Today critical research is being conducted by government bodies, the automotive industry, academia and technology companies such as Smart Eye to determine more effective approaches. I believe that in-vehicle sensors and machine-learning based algorithms, similar to the ones we use for DMS, have a lot of potential to better detect impaired and drunk driving versus more traditional methods. As with any AI-based technology, we need large amounts of data to train these algorithms and improve performance. And, as you can imagine, collecting data of drunk drivers in moving vehicles is a very complicated thing to do.
At Smart Eye, we have been doing quite a bit of research for detection of drunk driving. One interesting study is called Fit 2 Drive, a collaboration between Smart Eye and the Swedish National Road and Transport Research Institute (VTI). So far this project has been able to collect data from more than 30 participants while we gradually increased their blood alcohol concentration. We then let the participants drive a car equipped with multiple sensors on an enclosed racetrack. This was our first collection of data that captures visual information from the driver, giving valuable insight into how different people behave at different levels of intoxication.
Getting this study off the ground was not easy. In Sweden, driving while intoxicated is illegal even in very controlled situations on an enclosed test track. To conduct the study, we had to get special permission from the Swedish government. But despite the complicated processes of collecting data from drunk drivers, these types of studies are absolutely necessary for future research on driver impairment. If you would like to learn more about how we collected data from drunk drivers have a look at this video.

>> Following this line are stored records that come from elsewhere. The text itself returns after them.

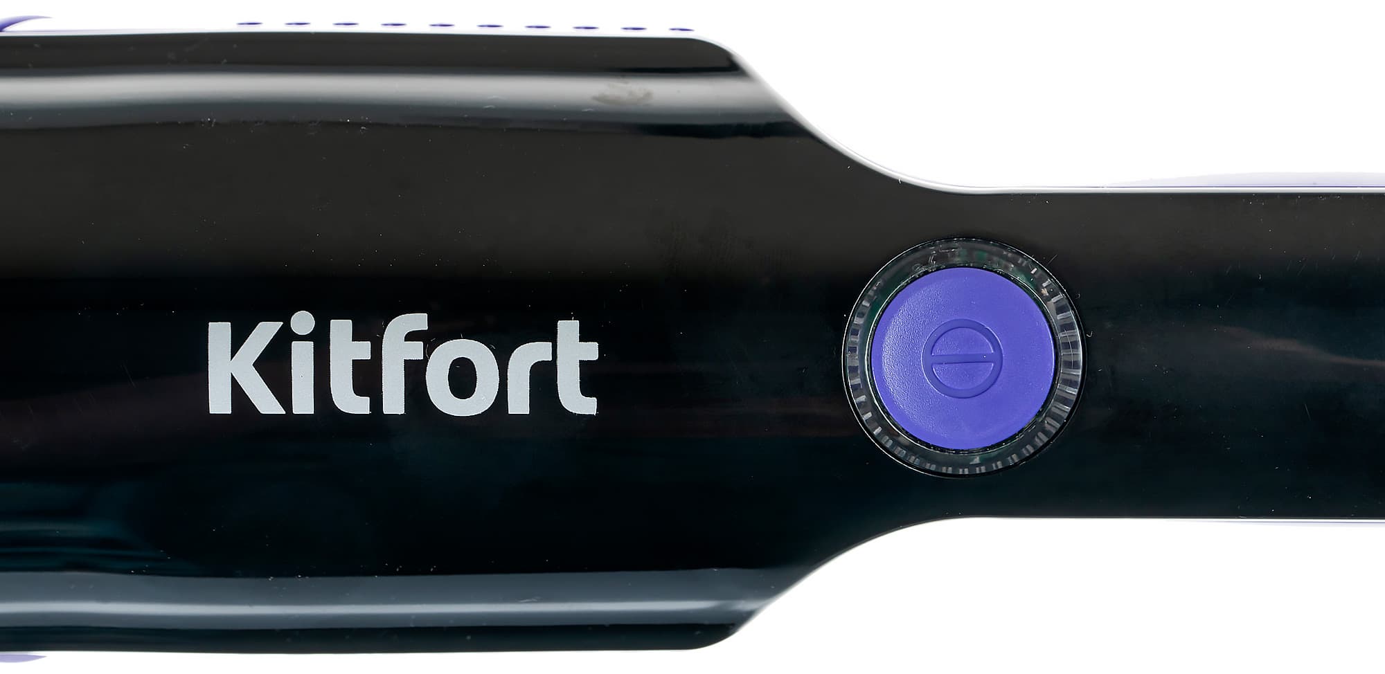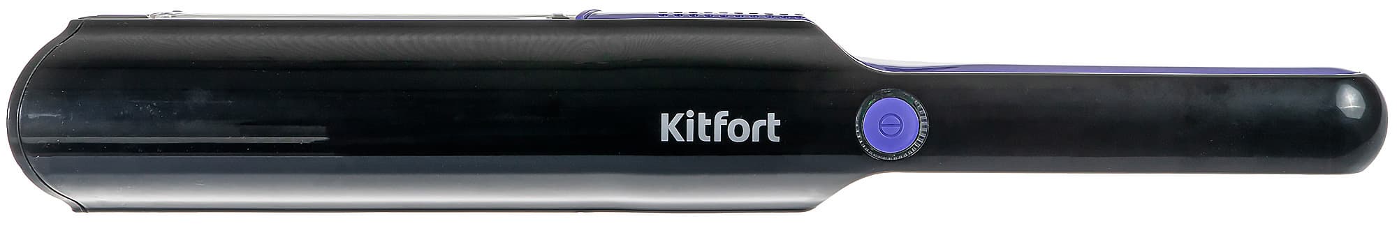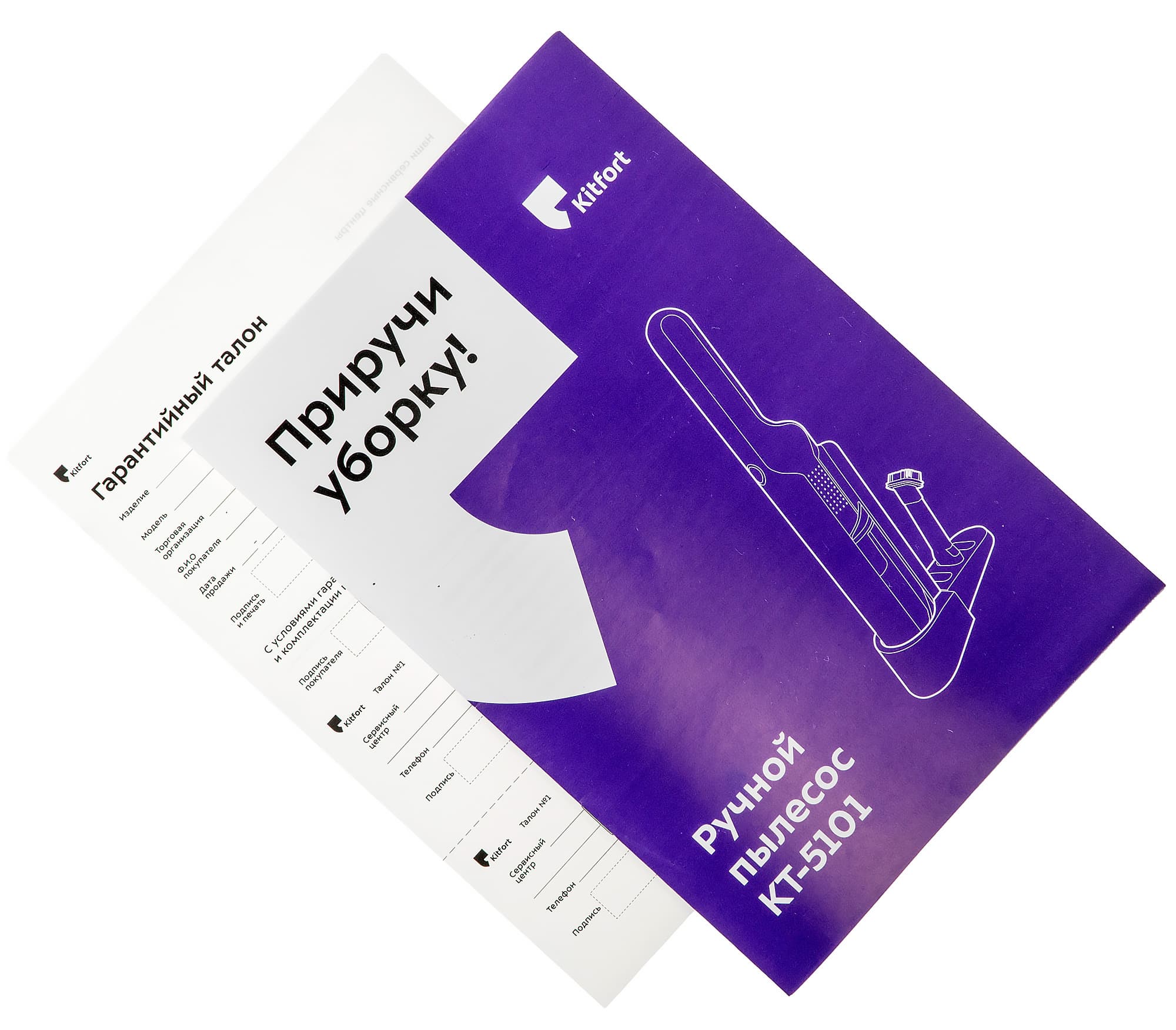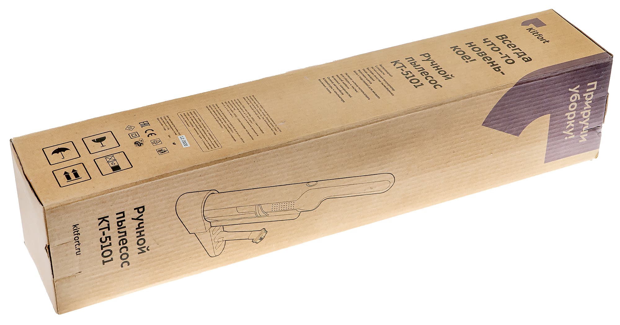 Упакован пылесос в небольшую продолговатую картонную коробку. Ее оформление традиционно для компании Kitfort: коричнево-фиолетовая гамма, схематическое изображение устройства на лицевой стороне, технические характеристики — на боковых. Как принято у производителя, у каждого класса бытовой техники есть собственный девиз. Для ручных пылесосов маркетологи компании выбрали слова «Приручи уборку!».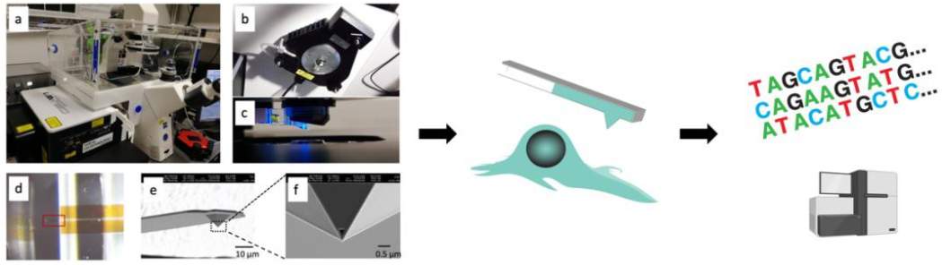 當然,如此精細的操作肯定需要更加精密、分辨率更高的儀器來進行。陳萬澤剛開始嘗試利用在細胞領域相對比較小眾的原子力顯微鏡來逐漸優(yōu)化自己的想法。原子力顯微鏡有一個很尖的硅探針,用于探測物質(zhì)表面性質(zhì)。陳萬澤團隊對這個探針進行了一系列的改造,包括表面活化、修飾等等,讓探針能夠在扎入細胞質(zhì)的同時吸附出胞質(zhì)內(nèi)的RNA。但是改造的成本和探針成本都比較高,且成功率在當時還比較低。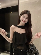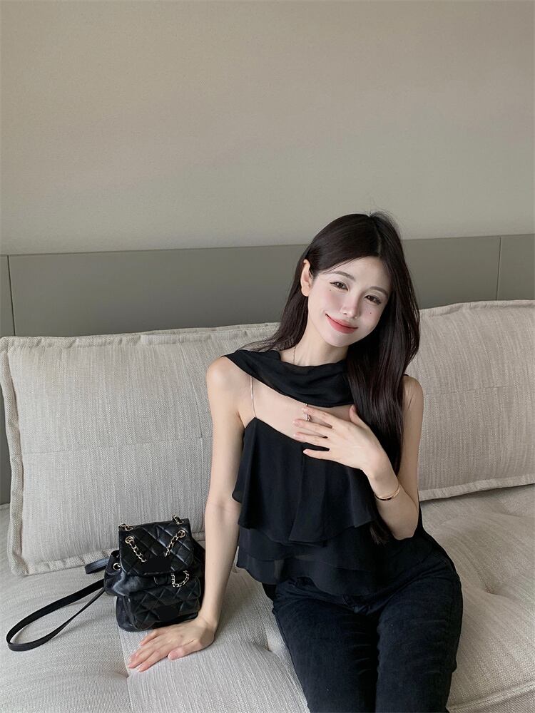 Black chiffon camisole summer outerwear French off-the-shoulder sexy pure desire wind short top women ショート ブラック シフォン サマー 夏物 ピュア nana84989639978 | modepoisson

As an industry we are certainly in the early stages of this type of research, however the potential of driver monitoring systems that can detect alcohol intoxication carries a lot of hope that drunk driving is a problem that can be solved with better technology solutions.
6. The conversation around in-cabin technology is growing rapidly – how do you anticipate this impacting development and deployment to market?
We are already seeing OEMs issuing RFQs for in-cabin sensing beyond driver monitoring. This will accelerate the development of functionality and we can expect to see this technology deployed in vehicles on the road in the next several years. This is only the beginning. OEMs will initially implement basic in-cabin features and will expand those over time.
Now is really the right time for the community to come together at InCabin in Brussels in September. This thought-provoking event will offer a forum where industry leaders can have critical conversations and collaborate to advance automotive safety and mobility experiences. I am excited to be part of this important work.